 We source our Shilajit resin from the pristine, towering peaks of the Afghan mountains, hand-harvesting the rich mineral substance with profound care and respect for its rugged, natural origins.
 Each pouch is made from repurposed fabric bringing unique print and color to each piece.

------------------------------------------------------------------------

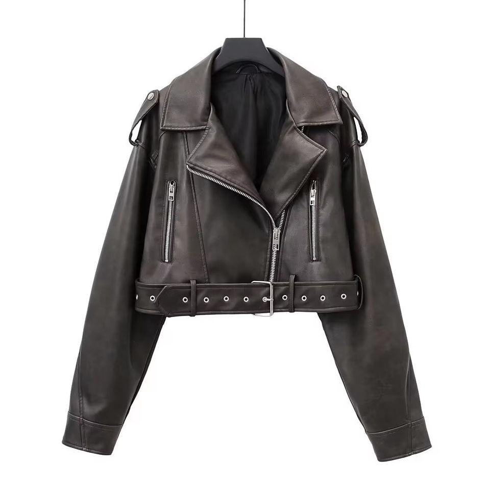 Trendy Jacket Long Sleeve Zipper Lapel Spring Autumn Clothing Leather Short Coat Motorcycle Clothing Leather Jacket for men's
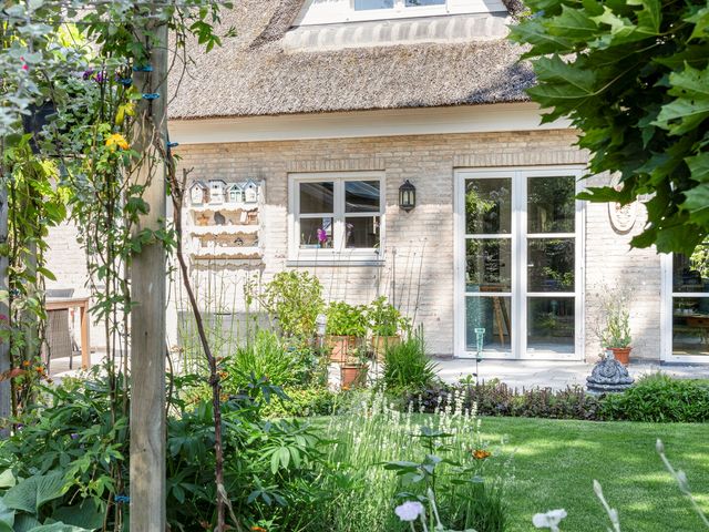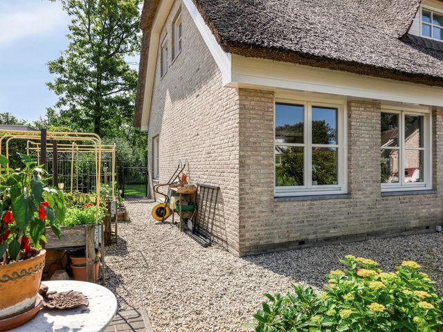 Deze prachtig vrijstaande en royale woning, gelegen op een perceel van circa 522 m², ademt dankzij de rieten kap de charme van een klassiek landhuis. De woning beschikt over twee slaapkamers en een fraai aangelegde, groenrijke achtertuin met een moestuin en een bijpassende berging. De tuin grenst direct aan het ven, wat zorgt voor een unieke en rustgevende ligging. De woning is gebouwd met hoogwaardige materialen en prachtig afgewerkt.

------------------------------------------------------------------------

=== Task prompt ===
In the listing above, find each line with the word "from" and return it.

=== Your solution ===
 We source our Shilajit resin from the pristine, towering peaks of the Afghan mountains, hand-harvesting the rich mineral substance with profound care and respect for its rugged, natural origins.
 Each pouch is made from repurposed fabric bringing unique print and color to each piece.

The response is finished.